Moreover, Tobit regression was utilized to understand the sources of technical, allocative, and economic inefficiencies. The Tobit regression model revealed that the technical, allocative, and economic efficiencies were positively and statistically significantly influenced by personal, household, physical, and institutional factors such as education of the family head, agricultural credit facility, extension agent contact, and farming experience but significantly and negatively associated with age. The dummy variable for the Sahiwal region was statistically negative for allocative and economic efficiencies. Credit access at subsidized rates can also increase efficiency and this needs to be addressed both at the Government and farmer levels. Farm credit is meant for increased productivity and efficiency; however, the empirical finding in this study points otherwise. Hence, a thorough revisit is warranted to make this system focused, supervised, and target-oriented instead of just advancing loans and leaving it to the individual. Extension contacts are also positively associated with technical efficiency; therefore, the extension department may improve links with farmers and spread awareness about hybrid maize production. The findings also reveal that those farmers who have better access to the main or tarred roads and the main village market are technically more efficient than those who have no access or poor access to the main market and main road.

5. Policy Implications

The presented research findings have important policy implications for national maize production. To attain a conclusive understanding of hybrid maize farming efficiency and its determinants, the recommendation is to conduct comparative analyses across various provinces or regions in Pakistan. Such an analysis would offer a broader perspective, enabling the identification of regional variations in agricultural practices and levels of efficiencies.
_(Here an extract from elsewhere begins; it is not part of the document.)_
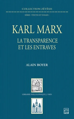 Karl Marx est l'un des plus grands penseurs du XIXe siècle. Son matérialisme a cependant une orientation pratique assumée. Son but est d'effectuer une critique radicale à la fois du système socio-économique capitaliste et de ses théoriciens. La révolution prolétarienne communiste est son objectif essentiel. Le présent essai offre une interprétation nouvelle de sa pensée, axée sur la notion d'entraves et celles de simplicité et de transparence, ainsi que sur la critique de toute séparation.
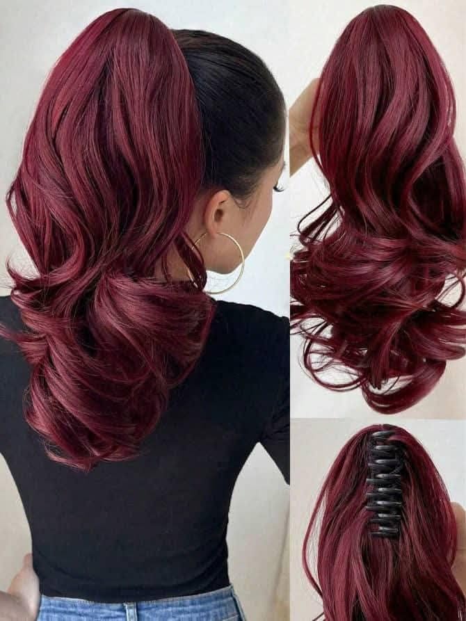 Generic - Extention Long Wavy Ponytail Wig for Comfortable and Stylish Look Heat Fiber with Clip for Easy Installation Dark Red

This comparative approach would identify the factors that influence hybrid maize farming outcomes in different geographical contexts and contribute to a more nuanced understanding of the subject. The government should upgrade the agricultural socialized service system to help farmers adopt new agricultural technologies in modern farming. Farmers should have easy access to quality hybrid maize seeds, fertilizers, pesticides, and other necessary inputs at reasonable prices. The government should conduct farm training programs on farmers’ fields to enhance farmers’ skills and knowledge about hybrid maize farming techniques, pest management, soil health, and conservation practices. Policymakers should also provide professional guidance for fertilization and pesticide application, aiming to avoid excessive use of fertilizers and pesticides and improve the efficiency of fertilizer and pesticide use. To improve the productivity and efficiency of maize farming, the government should focus on developing hybrid maize varieties—at local research stations—that are more resistant to the local climatic conditions, diseases, and pests.